Among the lines below, take the one holding "雅安市雅州大道沿線片區(qū", the one holding "Jedną z najciekawszych", and all lines between them. Set them down exactly.

- **ENTRIES PROVIDED**
*-*-*

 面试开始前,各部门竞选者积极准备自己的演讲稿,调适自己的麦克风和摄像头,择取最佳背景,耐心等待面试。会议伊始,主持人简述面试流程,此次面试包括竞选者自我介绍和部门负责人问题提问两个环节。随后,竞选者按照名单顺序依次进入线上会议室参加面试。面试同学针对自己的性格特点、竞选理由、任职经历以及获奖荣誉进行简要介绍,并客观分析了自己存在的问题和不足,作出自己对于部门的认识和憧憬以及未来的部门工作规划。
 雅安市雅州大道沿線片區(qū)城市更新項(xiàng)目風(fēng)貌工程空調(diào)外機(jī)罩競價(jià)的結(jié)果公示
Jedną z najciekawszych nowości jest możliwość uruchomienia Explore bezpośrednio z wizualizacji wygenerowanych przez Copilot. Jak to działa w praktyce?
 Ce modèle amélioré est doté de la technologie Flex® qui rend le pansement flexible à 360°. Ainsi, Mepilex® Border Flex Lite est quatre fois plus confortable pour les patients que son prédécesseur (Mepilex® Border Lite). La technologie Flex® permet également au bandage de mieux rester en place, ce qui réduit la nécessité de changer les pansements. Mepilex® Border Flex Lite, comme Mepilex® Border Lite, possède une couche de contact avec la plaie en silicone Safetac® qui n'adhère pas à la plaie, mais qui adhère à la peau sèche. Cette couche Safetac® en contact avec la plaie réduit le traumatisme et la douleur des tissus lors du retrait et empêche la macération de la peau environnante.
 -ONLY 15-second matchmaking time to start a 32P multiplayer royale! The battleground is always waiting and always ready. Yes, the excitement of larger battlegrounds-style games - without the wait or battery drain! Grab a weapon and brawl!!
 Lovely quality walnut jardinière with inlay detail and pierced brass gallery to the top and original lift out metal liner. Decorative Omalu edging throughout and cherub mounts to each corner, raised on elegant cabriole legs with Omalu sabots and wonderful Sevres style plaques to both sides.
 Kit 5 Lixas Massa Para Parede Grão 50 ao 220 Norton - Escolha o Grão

*-*-*

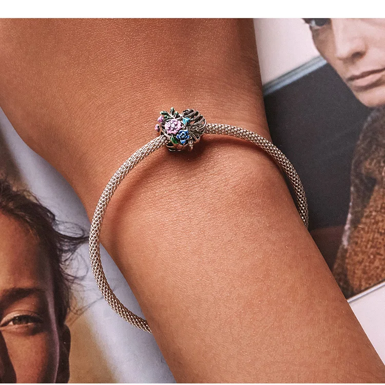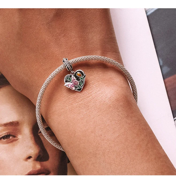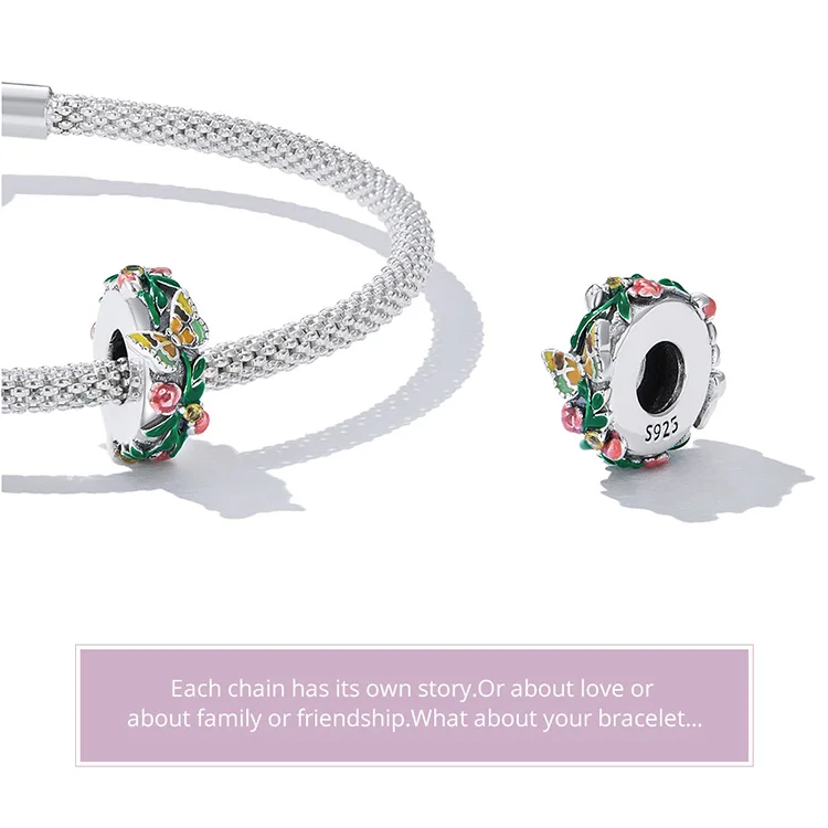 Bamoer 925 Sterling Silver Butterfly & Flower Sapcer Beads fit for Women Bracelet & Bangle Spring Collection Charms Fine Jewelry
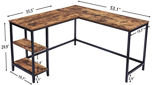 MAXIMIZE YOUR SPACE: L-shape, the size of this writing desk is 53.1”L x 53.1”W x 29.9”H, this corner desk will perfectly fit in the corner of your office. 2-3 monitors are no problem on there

*-*-*

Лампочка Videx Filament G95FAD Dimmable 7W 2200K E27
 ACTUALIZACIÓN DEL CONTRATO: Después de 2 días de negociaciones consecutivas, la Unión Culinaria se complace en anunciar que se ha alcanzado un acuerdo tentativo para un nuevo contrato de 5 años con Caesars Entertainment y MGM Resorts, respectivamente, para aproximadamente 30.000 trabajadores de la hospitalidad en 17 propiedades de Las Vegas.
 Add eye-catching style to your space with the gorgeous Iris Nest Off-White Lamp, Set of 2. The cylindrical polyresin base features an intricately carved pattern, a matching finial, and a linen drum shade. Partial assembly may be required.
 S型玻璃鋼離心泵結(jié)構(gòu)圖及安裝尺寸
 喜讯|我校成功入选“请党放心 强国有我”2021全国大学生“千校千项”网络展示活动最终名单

*-*-*

- **TASK SOLUTION**
 雅安市雅州大道沿線片區(qū)城市更新項(xiàng)目風(fēng)貌工程空調(diào)外機(jī)罩競價(jià)的結(jié)果公示
Jedną z najciekawszych nowości jest możliwość uruchomienia Explore bezpośrednio z wizualizacji wygenerowanych przez Copilot. Jak to działa w praktyce?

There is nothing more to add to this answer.